Het jubeljaar voor de HEERE
61
1 “De Geest van mijn Heer, de HEERE, is op Mij, omdat de HEERE Mij gezalfd heeft om een blijde boodschap aan zachtmoedigen te brengen. Hij heeft Mij gezonden om verbrokenen van hart te verbinden, om vrijheid af te kondigen voor gevangenen en vrijlating uit de gevangenis voor wie geketend zijn,      2 om het jaar van welbehagen voor de HEERE uit te roepen en een dag van wraak van onze GOD, om allen die rouwen te troosten,      3 om voor hen die in Sion rouwen het besluit te nemen dat hun een sieraad gegeven zal worden in plaats van as, vreugdeolie in plaats van rouw, een lofgewaad in plaats van een verslagen geest, opdat zij ‘Eiken van gerechtigheid!’ genoemd zullen worden, geplant door de HEERE, tot zijn glorie.”     
 
4 “Zij zullen de puinhopen van vroegere tijden herbouwen, de verlaten bouwvallen van eerdere generaties weer herstellen en de verwoeste steden, die van generatie op generatie in puin lagen, zullen zij vernieuwen.    5 Vreemden zullen klaarstaan en jullie schapen weiden, onbekenden zullen jullie landbouwers en jullie wijngaardeniers zijn.    6 Maar jullie zullen ‘Priesters van de HEERE!’ genoemd worden, ‘Dienaren van onze GOD!’ zal men jullie noemen.

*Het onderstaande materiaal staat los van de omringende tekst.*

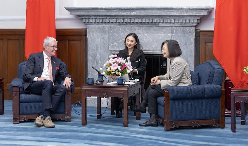 總統指出,紐澤西州是美國生技、通訊科技等重要產業的聚落,更是前進美東市場的重要入口。許多臺商都前往紐澤西投資、拓展據點。我們樂見紐澤西州選擇在臺灣設立亞太經貿辦事處,相信將會讓雙邊的經貿關係持續升溫。

Jullie zullen je voeden met de weelde van de volken en jezelf gelukkig prijzen met hun heerlijkheid.     7 In plaats van jullie schaamte, zal er een dubbel deel zijn, in plaats van schande te dragen, zullen zij juichen over hun deel. Daarom zullen zij in hun land een dubbel erfdeel ontvangen, eeuwige blijdschap zal er onder hen zijn.    8 Want Ik, de HEERE, heb het recht lief, Ik haat roof met geweld. Ik zal hun trouw hun beloning geven en Ik zal een eeuwig Verbond met hen sluiten.    9 Hun nakomelingschap zal onder de volken bekend worden en hun nakomelingen te midden van de volken. Allen die hen zien, zullen erkennen dat zij het zaad zijn dat de HEERE gezegend heeft.”   
 
10 “Ik ben zeer verblijd in de HEERE, mijn ziel verheugt zich in mijn GOD, want Hij heeft mij bekleed met de klederen van redding, met de mantel van gerechtigheid heeft Hij mij omhuld, zoals een bruidegom zich als een priester tooit en zoals een bruid zich tooit met haar sieraden.    11 Want zoals de aarde haar gewas voortbrengt en zoals een hoftuin wat in haar gezaaid is, doet uitspruiten, zo zal mijn Heer, de HEERE, gerechtigheid en lof doen uitspruiten voor de ogen van alle volken.”